I know I’m smart, capable, and good at what I do. So why can’t I make any of it work for me?
Is it my lack of energy and time to commit? Is it fear?
Am I standing in my own way? Maybe.
The Reality of Burnout
I find it darkly funny that when I left my full-time job, I was burnt out… and now, I only feel more burnt out at home.
I don’t think this is a grass-is-greener problem. Logically, I know it doesn’t make sense for a stay-at-home mom to be burnt out. It sounds ungrateful.
Every day, I juggle stay-at-home-mom expectations when, truthfully, I’m not wired to be one. I am living in my own Zone of Incompetence and doing things that bring me zero joy and that I’m frankly downright terrible at:
Cooking meals for the family
Cleaning (ugh)
Organizing
Caretaking (like the whole, packing snacks, changing diapers, making sure everyone has their vegetables for the day, brushing teeth, all of that)
And then, as if to add insult to injury, some people say “parenting isn’t a job.” OKAY THEN, WHY AM I SO DAMN BURNT OUT?
I understand the sentiment. I agree parenting is supposed to be a relationship, not a laborious task. But let’s be real here… relationships require energy. And energy is finite.

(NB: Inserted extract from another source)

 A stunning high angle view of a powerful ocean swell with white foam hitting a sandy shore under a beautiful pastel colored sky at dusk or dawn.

Parenting may not be a job, but it sure has a job description. And caretaking is absolutely a job.
I’m learning that the unfortunate truth of burnout is that you can’t just switch your focus from one job to another. You’ll still be burnt out.
Energy doesn’t magically appear. You have to work for it.
So, What’s the Solution?
Maybe the problem isn’t that I’m doing it wrong. Maybe the problem is the framework was never written by someone who’s had to make dinner with one hand while holding a toddler in the other.

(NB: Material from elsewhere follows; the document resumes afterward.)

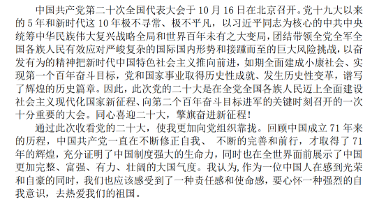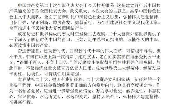 中国共产党第二十次全国代表大会开幕会于2022年10月16日上午在北京人民大会堂召开。习近平同志代表第十九届中央委员会向大会作报告。报告回顾了党和国家事业取得的历史性成就、发生的历史性变革,对过去五年及十年的成果做出总结;明确了党在新征程上举什么旗、走什么路、以什么样的精神状态、朝着什么样的目标继续前进;对我国建成富强民主文明和谐美丽的社会主义现代化强国的目标做出了展望。

What if the point isn’t to escape incompetence? What if the point is to stop with all the expectations and realize that joy doesn’t only count when it’s photogenic or profitable?
I genuinely think genius lies in showing up and doing what you have to do, even if you do it badly. Genius also lies in admitting the truth: sometimes the work you’re doing can feel hard, thankless, beautiful, tedious, and relentless, but it is still sacred work.
And with that realization, I also realize that the metrics others are using may not work for me.
For now, I’m going to forget about asking if I’m living in my Zone of Genius. I’m going to forget about adhering to the standards everyone is saying about posting three notes a day to grow your audience. I’m going to exit the hustle culture because I’m done with it. It all feels like such a performance, and it’s “optimized” for people who aren’t like me.
The real success is staying human in a world that keeps demanding performance.
So instead, I’ll focus on something simpler: having enough energy to really live. To not forget myself or to lose myself in the hustle culture.
I’ll ask myself, “Did I make it through the day without losing myself entirely?”
And if so, that’s enough.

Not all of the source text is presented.